Among the most prominent Mamluk sultans were Baibars I (1260-1277) and King Al-Nasir (1293-1341). The failure of the Mamluks to find a capable successor after the latter's death weakened the strength and stability of their kingdom. But historians of this era trace the beginning of the decline of the dynasty to the accession of the first Circassian sultan (plum) to power in 1382, arguing that progress in the state and the army then depended on ethnicity (i.e., Circassian origin) rather than on proven skill in the art of war, which served as the main criterion for promotion during the Turkish period. However, the increasing importance given to ethnicity was only one reason for the decline; economic and other factors were equally important, or even more important. Part of the explanation undoubtedly lies in the inability of the Mamluks to provide the necessary guarantees to ensure the peaceful conduct of trade and agriculture. Moreover, demographic losses caused by epidemics in Egypt and elsewhere in the east have contributed to economic decline. Under these conditions the Mamluks were unable to defend Syria against Tamerlane in 1400.
Under Sultan Barsbay (1422–1438), internal stability was briefly restored, and the glory of the Mamluks came to life with the conquest of Cyprus in 1426. But the increased taxes required to finance such projects exacerbated the financial difficulties faced by the Mamluks. The final economic blow was the Portuguese attack on trade in the Red Sea (circa 1500), which was accompanied by Ottoman expansion into Mamluk territory in Syria. After their decisive defeat by the Ottomans in Syria and Egypt in 1516 and 1517, the Mamluks are only one of the many components of Egypt's political structure.

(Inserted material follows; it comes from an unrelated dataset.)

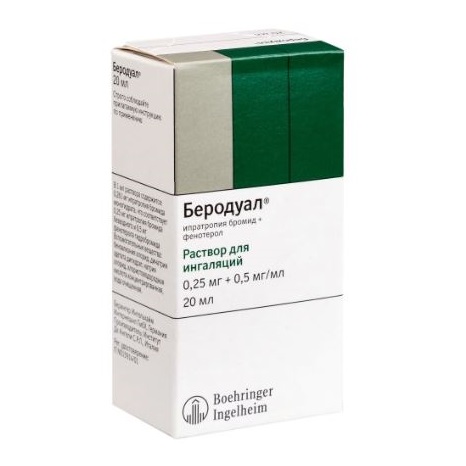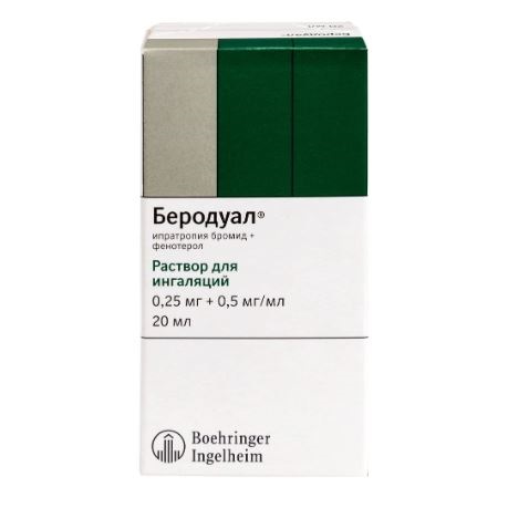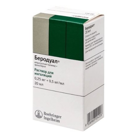 БЕРОДУАЛ содержит два компонента, обладающих бронхолитической активностью: ипратропия бромид - м-холиноблокатор, и фенотерол - 2-адреномиметик.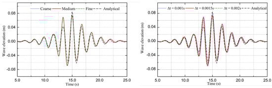 To verify the quality of focused wave modelling, the discretisation error from mesh grids and time steps are studied and summarised in Table 5 and Table 6. The numerical results of wave elevations are further compared with the analytical solution of a focused wave group without current as shown in Figure 12. The figure shows that the simulated focused wave preserves favourable wave shapes, and the peak wave elevation is focused at the focal position and time, as desired. With the consideration on the computational cost, it was concluded that the medium size of mesh and time step of s was the optimum choice to generate the waves in this study.

Culturally, the Mamluk period is mainly known for its achievements in historical writing and architecture. Mamluk historians were prolific in writing history, biographies and encyclopedias; generally they were not remarkably creative, with the exception of Ibn Khaldun, who spent his formative years outside the Mamluk lands of Morocco. As builders of religious buildings, mosques, schools, and tombs, the Mamluks endowed Cairo with some of its most impressive monuments, many of which still stand today. The tombs of Mamluk mosques can be identified by stone domes whose magnitude is balanced with geometric inscriptions. The Mamluks also left immortal relics in Damascus, Aleppo, Jerusalem, Tripoli and many other cities.
Despite the destruction of their sultanate, the Mamluks remained as a class in Egypt and continued to exert considerable influence in the state. As during the Mamluk dynasty, the elite Mamluks continued to refuel through purchases from slave markets. After a period of training, slaves formed the core of the army and were soon appointed to positions in the Ottoman government. Thus, the Mamluks gradually infiltrated the Ottoman ruling class, eventually gaining control of it.
Towards the end of the seventeenth century, Ottoman power began to decline throughout the empire, and the Mamluks regained effective control of the army, revenues, and government. Eventually, Istanbul was forced to recognize the independence of the faction of Mamluks who guaranteed certain sums of money annually to the Ottomans. Napoleon thus confronted the Mamluk armies and the Mamluk state when he invaded Egypt in 1798. Egypt's new ruler, Muhammad Ali Pasha, eventually destroyed their power there in the 1811 massacre.